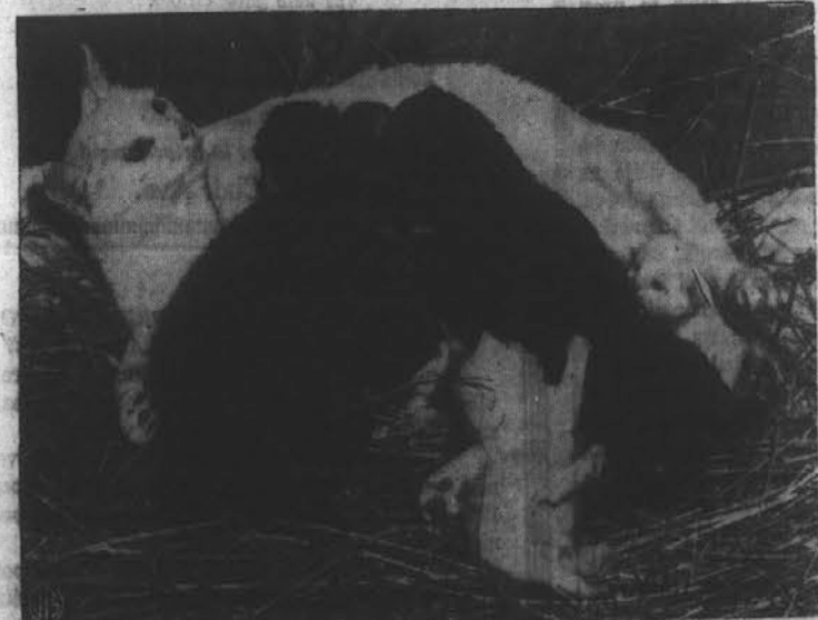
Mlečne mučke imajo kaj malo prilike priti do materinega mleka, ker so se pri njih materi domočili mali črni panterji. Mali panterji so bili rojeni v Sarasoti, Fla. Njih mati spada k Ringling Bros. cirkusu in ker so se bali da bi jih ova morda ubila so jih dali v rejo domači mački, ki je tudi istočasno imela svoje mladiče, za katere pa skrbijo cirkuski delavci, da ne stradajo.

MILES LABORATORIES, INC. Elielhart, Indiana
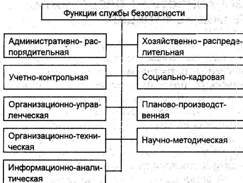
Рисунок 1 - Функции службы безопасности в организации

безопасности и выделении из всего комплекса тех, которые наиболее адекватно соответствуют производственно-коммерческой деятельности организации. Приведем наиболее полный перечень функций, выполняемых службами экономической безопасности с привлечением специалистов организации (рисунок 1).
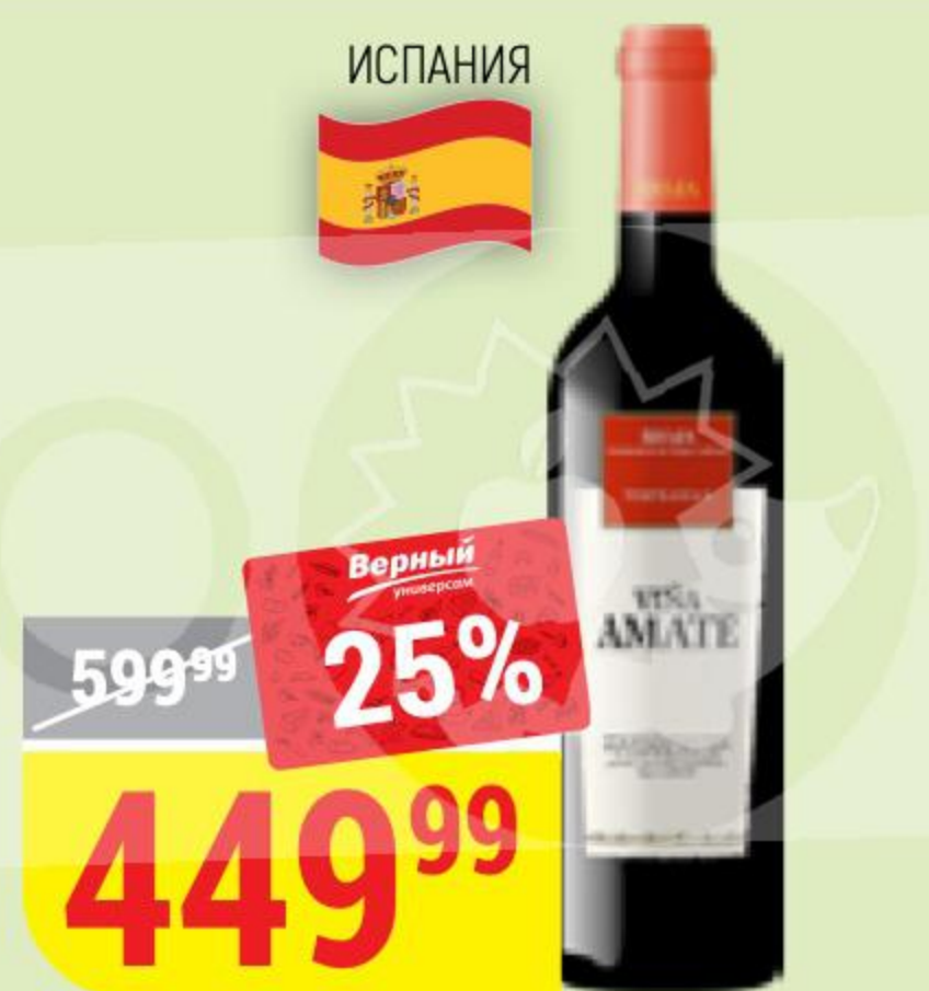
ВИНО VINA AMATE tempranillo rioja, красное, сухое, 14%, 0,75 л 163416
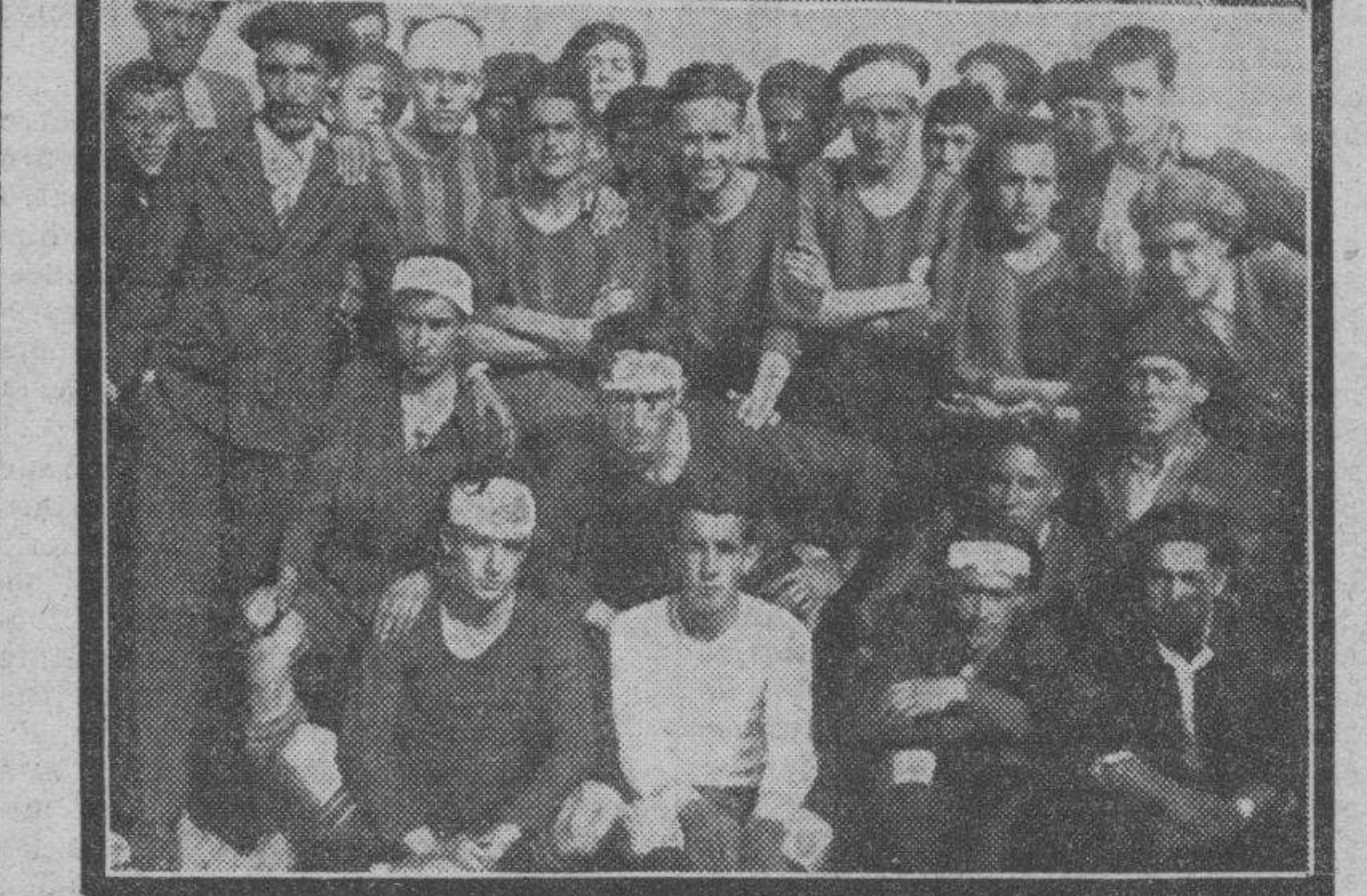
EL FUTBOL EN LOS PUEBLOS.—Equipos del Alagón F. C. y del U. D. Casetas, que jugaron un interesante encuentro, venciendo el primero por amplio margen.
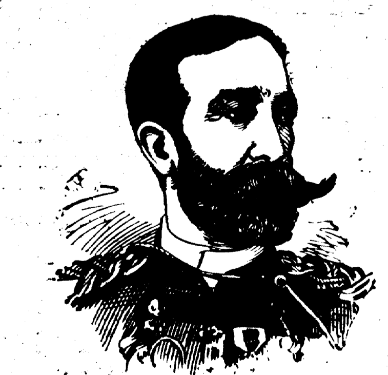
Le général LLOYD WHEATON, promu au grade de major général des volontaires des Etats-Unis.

::::

▶ **About this exercise**
Where an entry holds a picture, drop it and transcribe everything else exactly.

▶ **Response to the task**
Mlečne mučke imajo kaj malo prilike priti do materinega mleka, ker so se pri njih materi domočili mali črni panterji. Mali panterji so bili rojeni v Sarasoti, Fla. Njih mati spada k Ringling Bros. cirkusu in ker so se bali da bi jih ova morda ubila so jih dali v rejo domači mački, ki je tudi istočasno imela svoje mladiče, za katere pa skrbijo cirkuski delavci, da ne stradajo.

MILES LABORATORIES, INC. Elielhart, Indiana
Рисунок 1 - Функции службы безопасности в организации

безопасности и выделении из всего комплекса тех, которые наиболее адекватно соответствуют производственно-коммерческой деятельности организации. Приведем наиболее полный перечень функций, выполняемых службами экономической безопасности с привлечением специалистов организации (рисунок 1).
ВИНО VINA AMATE tempranillo rioja, красное, сухое, 14%, 0,75 л 163416
EL FUTBOL EN LOS PUEBLOS.—Equipos del Alagón F. C. y del U. D. Casetas, que jugaron un interesante encuentro, venciendo el primero por amplio margen.
Le général LLOYD WHEATON, promu au grade de major général des volontaires des Etats-Unis.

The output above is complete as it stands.